Data:
══════════
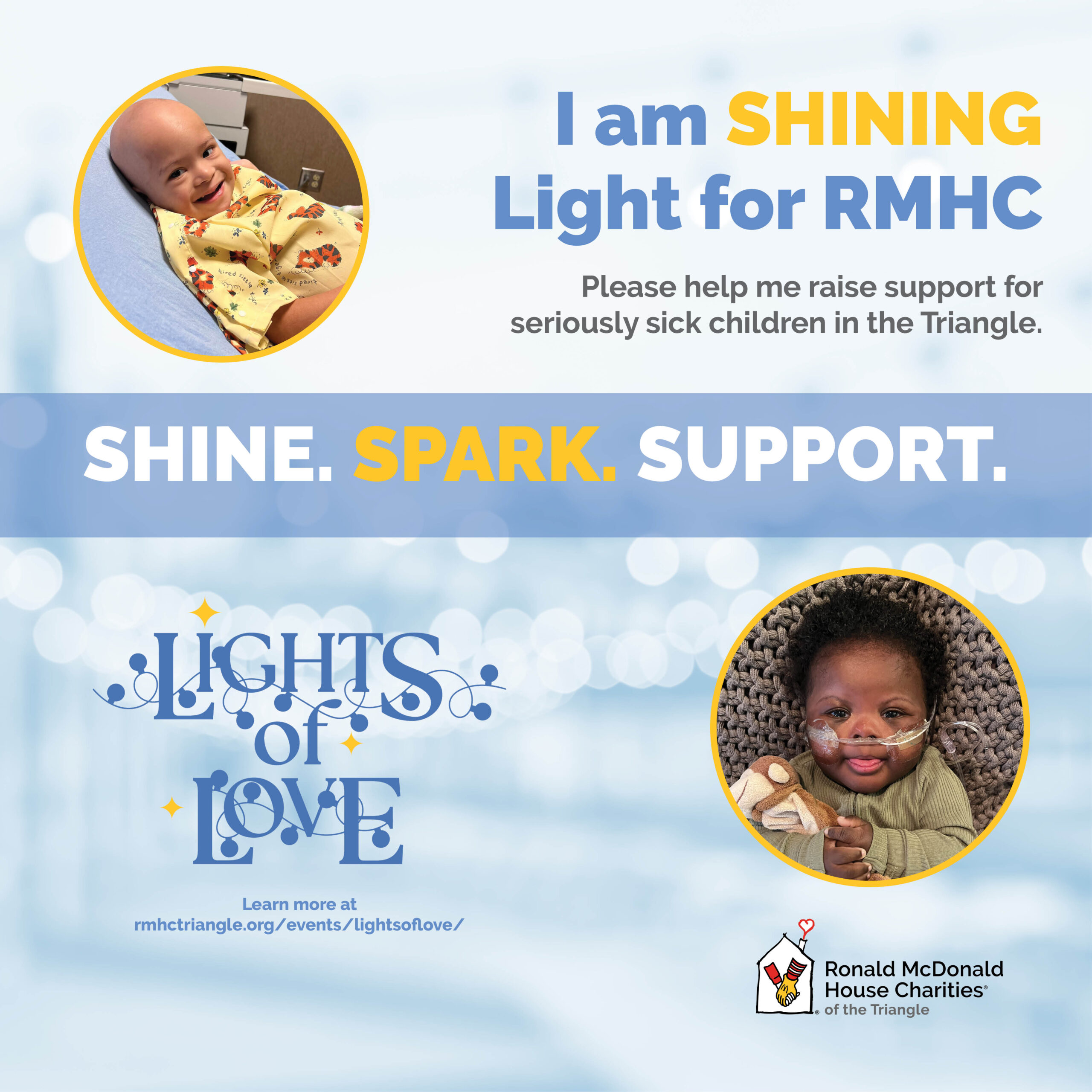 We’re so excited that you have chosen to SHINE for Ronald McDonald House by joining Lights of Love! This is a peer-to-peer fundraising campaign, so tell people in your sphere why you support Ronald McDonald House and ask them to help support, too. One great way to get your friends and family involved and supporting you is through your own social media. We’ve pulled together a few resources to make this simple for you.
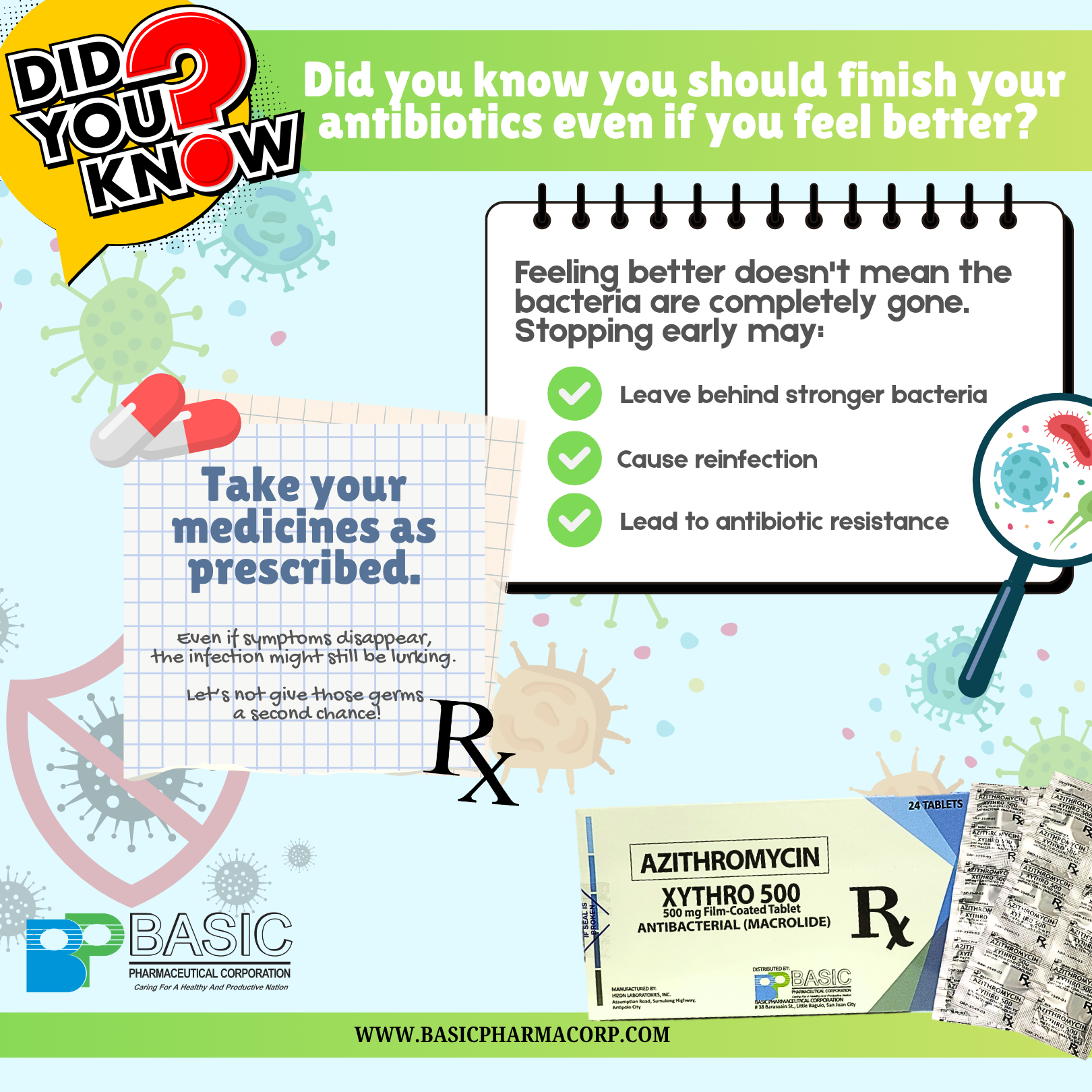 Feeling better does not mean the bacteria are completely gone. Take your medicine as prescribed by your physician.
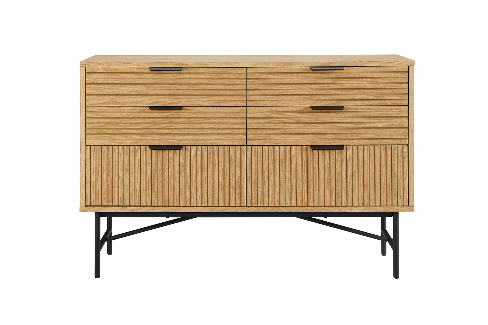 Die Kommode im hellen Eiche Echtholzfurnier mit schwarz lackierten Füßen, bringt einen modernen Kontrast in Ihre Wohnräume. Die kratzfeste Lackierung auf dem Korpus des Möbels macht dieses besonders widerstandsfähig und langlebig, so dass Sie lange Freude an Ihrem Möbelstück haben. Die Schubladen mit Softclose Funktion bieten zusätzlich geschlossenen Stauraum.
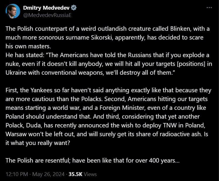 "Во-первых, янки пока ничего подобного не говорили, потому что они более осторожны, чем поляки. Во-вторых, поражение американцами наших целей означает начало мировой войны, и министр иностранных дел, даже такой страны, как Польша, должен это понимать. И в-третьих, учитывая, что о желании разместить ТЯО в Польше недавно заявил еще один поляк Дуда, Варшава не останется в стороне и наверняка получит свою долю радиоактивного пепла", - угрожает Медведев.
══════════
The exact lines from the beginning of the data through the one that contains "Die Kommode im" must be given again, both ends included, and pictures must be left out.

 We’re so excited that you have chosen to SHINE for Ronald McDonald House by joining Lights of Love! This is a peer-to-peer fundraising campaign, so tell people in your sphere why you support Ronald McDonald House and ask them to help support, too. One great way to get your friends and family involved and supporting you is through your own social media. We’ve pulled together a few resources to make this simple for you.
 Feeling better does not mean the bacteria are completely gone. Take your medicine as prescribed by your physician.
 Die Kommode im hellen Eiche Echtholzfurnier mit schwarz lackierten Füßen, bringt einen modernen Kontrast in Ihre Wohnräume. Die kratzfeste Lackierung auf dem Korpus des Möbels macht dieses besonders widerstandsfähig und langlebig, so dass Sie lange Freude an Ihrem Möbelstück haben. Die Schubladen mit Softclose Funktion bieten zusätzlich geschlossenen Stauraum.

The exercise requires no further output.